From a recent announcement it seems that significant progress has been made by the Department of Education in its review of claims made against the now defunct Corinthian College by students who took federal student loans so they could attend.
Misleading Recruiting Information
The federal government along with other authorities has been taking action against Corinthian College, which was one of the biggest for-profit higher education companies, for over a year now. This was on suspicion that it had misled the student body on issues including graduate job placement rates and credits transferability.

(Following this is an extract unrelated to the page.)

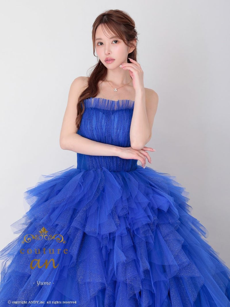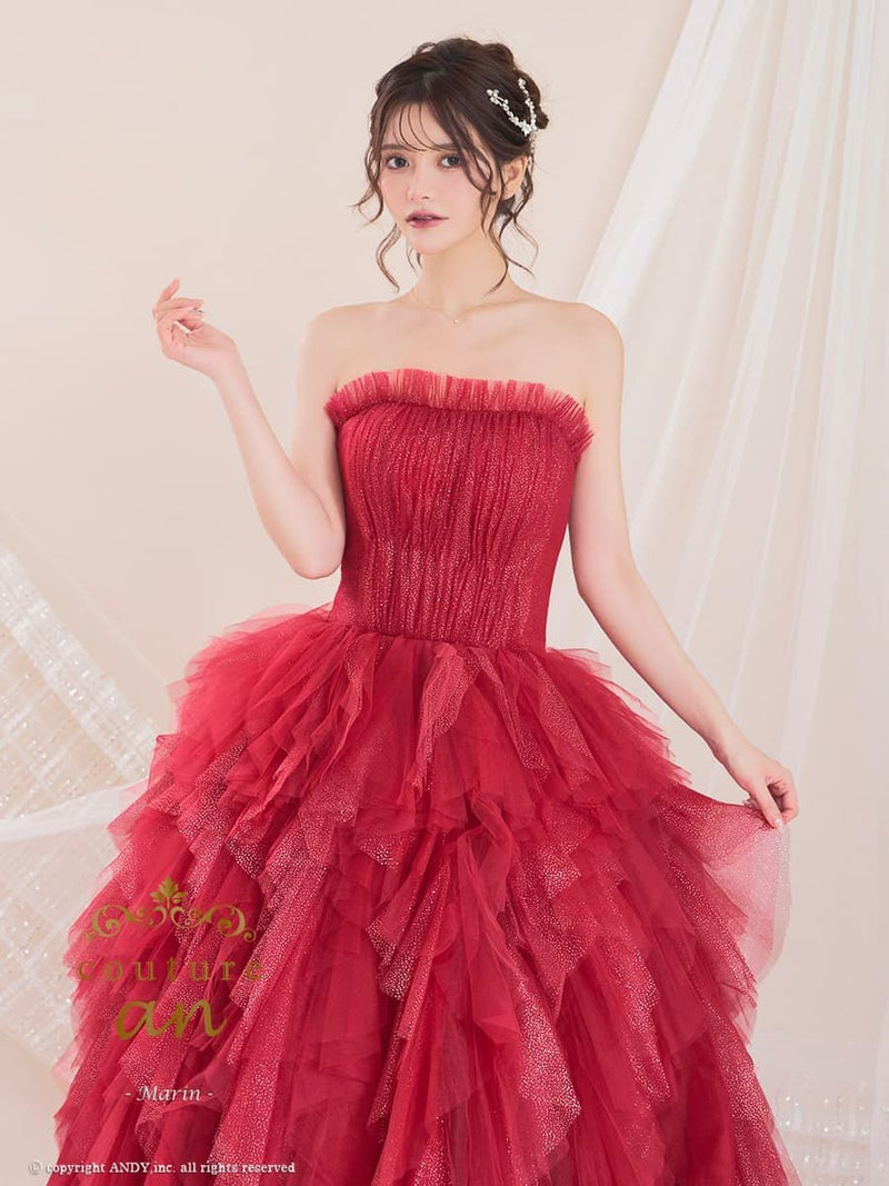 5. [couture an/クチュールアン] 高級 ブランド バースデー Aラインロングドレス ベアトップ ラメチュール フリルレース ゴージャス
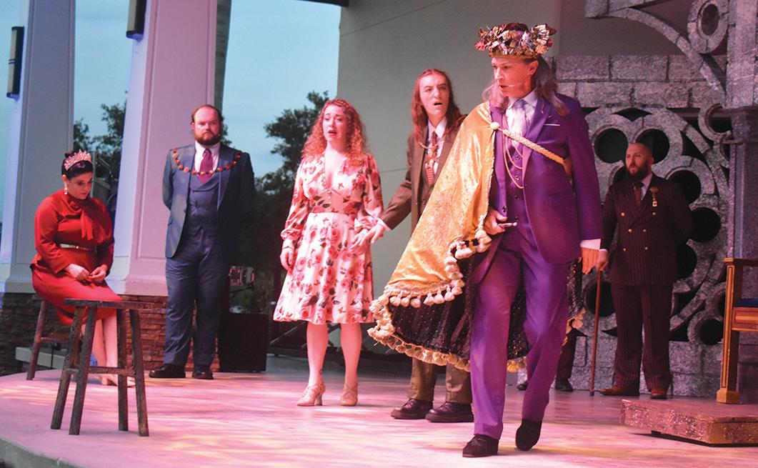 The Shakespeare by the Palms IV production of King Lear took place Thursday, July 25 through Sunday, July 28 at the Royal Palm Beach Commons Park amphitheater. Considered “one of the greatest tragedies ever performed,” this year’s professional production of King Lear was adapted and directed by Trent Stephens. Shown above is Amy Simms as King Lear with Sara Grant as Cordelia and Lee Ritter

When the school was closed in April, a number of students still attending were immediately eligible to receive relief based on the long standing benefit on loan discharge for a closed school. However, a significant number of students had either already finished their qualification, or had already left the school before it has officially closed, were disqualified from this relief.
To circumvent this, the DoE invoked a two decade old, but never before used provision, called borrower defense to repayment. This provision provides relief to recipients of federal loans if they can prove they were defrauded by the school according to state law.
While there are no predetermined guidelines to help establish a student’s entitlement to this discharge, a consumer advocate has been tasked with reviewing the issue and setting up a system for evaluating and recovering funds from offending schools.
According to the review covering the issue, this provision could be used to help students from other schools who claim that they were defrauded by educational institutions. To make the entire process easier, the DoE has also announced that it is instigating a process for determining the official rules that would determine eligibility for a discharge. This discharge however, only applies to federal loans, and does not cover private ones.